Uprooting and transporting trees is difficult and dangerous work, which is why it is so important to seek the services of professional tree movers, such as Caledon Treeland. Not only will you improve the chances of your trees surviving, but you will also avoid the risk and hassle of digging out, handling, and transporting a mature tree. Finding local tree movers with the right equipment and experience can mean all the difference between success and failure. 

Choosing Promising Trees

Not all trees are well suited to being transplanted. You will want to choose the most attractive, viable trees available to make the moving process less stressful. Any specimen that is visibly unhealthy should either be skipped or nursed back to health before being moved. Signs of an unhealthy tree include missing leaves, yellow leaves, pests, slime, mushrooms, and cankers. In this situation, it is always wise to listen to a professional landscaper or arborist's opinion before making your final decision. 

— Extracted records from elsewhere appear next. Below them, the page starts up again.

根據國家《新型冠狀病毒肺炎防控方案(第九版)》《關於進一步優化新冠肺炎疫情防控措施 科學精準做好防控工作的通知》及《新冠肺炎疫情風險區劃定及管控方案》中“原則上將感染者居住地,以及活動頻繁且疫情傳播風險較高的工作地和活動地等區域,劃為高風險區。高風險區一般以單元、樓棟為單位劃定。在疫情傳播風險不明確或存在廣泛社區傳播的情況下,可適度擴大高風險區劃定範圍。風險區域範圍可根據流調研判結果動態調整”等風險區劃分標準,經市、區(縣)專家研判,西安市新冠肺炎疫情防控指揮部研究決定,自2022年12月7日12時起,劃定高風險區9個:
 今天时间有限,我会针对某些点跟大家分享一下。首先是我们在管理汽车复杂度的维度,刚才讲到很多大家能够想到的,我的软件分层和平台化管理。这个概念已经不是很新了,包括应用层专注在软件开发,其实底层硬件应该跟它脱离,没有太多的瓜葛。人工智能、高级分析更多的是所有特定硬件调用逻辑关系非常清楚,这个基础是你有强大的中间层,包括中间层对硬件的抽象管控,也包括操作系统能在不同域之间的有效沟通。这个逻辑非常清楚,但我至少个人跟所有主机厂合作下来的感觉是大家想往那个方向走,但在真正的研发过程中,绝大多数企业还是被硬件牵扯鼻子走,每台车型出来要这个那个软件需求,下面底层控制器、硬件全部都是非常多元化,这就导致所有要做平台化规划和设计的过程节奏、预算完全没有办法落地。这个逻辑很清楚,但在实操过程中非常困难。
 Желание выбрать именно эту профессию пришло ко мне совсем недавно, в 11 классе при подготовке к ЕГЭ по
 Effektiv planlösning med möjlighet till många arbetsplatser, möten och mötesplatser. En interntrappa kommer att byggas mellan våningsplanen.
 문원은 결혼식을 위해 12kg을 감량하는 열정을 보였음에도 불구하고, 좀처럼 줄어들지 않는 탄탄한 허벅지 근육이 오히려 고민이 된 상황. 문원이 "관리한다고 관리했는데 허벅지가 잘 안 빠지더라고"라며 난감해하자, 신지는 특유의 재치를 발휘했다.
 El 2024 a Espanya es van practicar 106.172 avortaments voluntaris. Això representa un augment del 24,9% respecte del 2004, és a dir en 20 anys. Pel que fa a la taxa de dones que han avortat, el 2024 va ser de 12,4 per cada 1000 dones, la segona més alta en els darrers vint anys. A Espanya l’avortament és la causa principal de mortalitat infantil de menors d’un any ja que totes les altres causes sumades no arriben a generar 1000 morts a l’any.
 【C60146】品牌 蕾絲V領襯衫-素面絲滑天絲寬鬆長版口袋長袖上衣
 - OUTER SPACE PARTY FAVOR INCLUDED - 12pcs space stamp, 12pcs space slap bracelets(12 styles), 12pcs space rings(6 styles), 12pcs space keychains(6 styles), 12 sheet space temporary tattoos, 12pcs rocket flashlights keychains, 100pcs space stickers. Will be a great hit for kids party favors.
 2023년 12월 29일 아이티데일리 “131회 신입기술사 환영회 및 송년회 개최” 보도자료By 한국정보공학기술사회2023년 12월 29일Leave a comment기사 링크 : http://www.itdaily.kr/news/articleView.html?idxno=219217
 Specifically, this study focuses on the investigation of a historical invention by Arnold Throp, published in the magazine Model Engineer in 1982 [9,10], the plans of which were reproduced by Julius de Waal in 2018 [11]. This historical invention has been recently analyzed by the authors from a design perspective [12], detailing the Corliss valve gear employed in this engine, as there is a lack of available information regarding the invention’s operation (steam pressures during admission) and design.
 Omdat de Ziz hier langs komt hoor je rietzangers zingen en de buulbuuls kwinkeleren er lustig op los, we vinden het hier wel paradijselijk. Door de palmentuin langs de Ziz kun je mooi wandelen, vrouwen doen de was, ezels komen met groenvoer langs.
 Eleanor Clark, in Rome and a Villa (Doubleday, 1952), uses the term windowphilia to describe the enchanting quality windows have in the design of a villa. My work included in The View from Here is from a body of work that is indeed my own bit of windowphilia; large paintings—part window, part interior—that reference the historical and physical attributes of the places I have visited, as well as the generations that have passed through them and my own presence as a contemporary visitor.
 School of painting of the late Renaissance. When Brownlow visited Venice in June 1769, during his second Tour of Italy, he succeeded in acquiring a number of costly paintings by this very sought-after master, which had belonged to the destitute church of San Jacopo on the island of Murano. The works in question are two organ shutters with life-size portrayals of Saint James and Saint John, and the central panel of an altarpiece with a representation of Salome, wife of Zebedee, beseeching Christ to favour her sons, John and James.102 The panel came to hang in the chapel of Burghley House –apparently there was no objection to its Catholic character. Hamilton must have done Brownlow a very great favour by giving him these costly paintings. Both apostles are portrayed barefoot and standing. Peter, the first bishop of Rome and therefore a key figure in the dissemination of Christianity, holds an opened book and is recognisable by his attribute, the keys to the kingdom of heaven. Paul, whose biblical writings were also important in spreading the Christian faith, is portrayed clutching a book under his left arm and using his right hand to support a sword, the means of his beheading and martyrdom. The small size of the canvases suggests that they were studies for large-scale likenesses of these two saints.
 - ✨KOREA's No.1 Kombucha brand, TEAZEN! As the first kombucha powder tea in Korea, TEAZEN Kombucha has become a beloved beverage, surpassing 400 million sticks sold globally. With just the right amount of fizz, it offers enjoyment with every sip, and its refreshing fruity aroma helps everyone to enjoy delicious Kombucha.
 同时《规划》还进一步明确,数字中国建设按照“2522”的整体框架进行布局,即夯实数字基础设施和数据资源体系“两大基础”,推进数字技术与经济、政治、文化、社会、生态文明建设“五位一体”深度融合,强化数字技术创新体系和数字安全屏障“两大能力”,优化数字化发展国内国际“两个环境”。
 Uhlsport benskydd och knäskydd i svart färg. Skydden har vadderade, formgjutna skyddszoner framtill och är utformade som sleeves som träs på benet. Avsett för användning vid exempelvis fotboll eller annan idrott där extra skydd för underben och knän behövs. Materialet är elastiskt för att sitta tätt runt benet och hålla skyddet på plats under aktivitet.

Preparing the Trees for Transplanting

If you have the luxury of time, spend a few months to a year preparing the trees for transplanting. Root pruning, for example, involves trimming back the roots and encouraging them to grow closer to the tree. This will make it easier to save more roots while digging up the tree, giving it a better shot at survival in its new home. Use this time to prepare the soil in the transplant sites, mixing it to closely match the soil the trees are used to. 

Moving the Trees

Once the trees are ready to go, they must be dug up with careful attention being paid to the root ball underneath. As a general rule, for every inch of the tree trunk's diameter, the root ball should have about another foot added to its own diameter. A tree with a 6-inch diameter trunk, for example will need a root ball that is 5 or 6 feet in diameter. During transportation, make sure the tree movers spray the leaves down with water to prevent dehydration, and try to protect them from too much wind exposure.

Once the tree is onsite, it should be replanted facing the same direction as before so that its leaves will continue gathering sunlight with the same efficiency. Water the trees immediately, but wait at least a few months before putting down fertilizer. With any luck and enough skill, the trees will get through their trauma and resume normal growth without issue.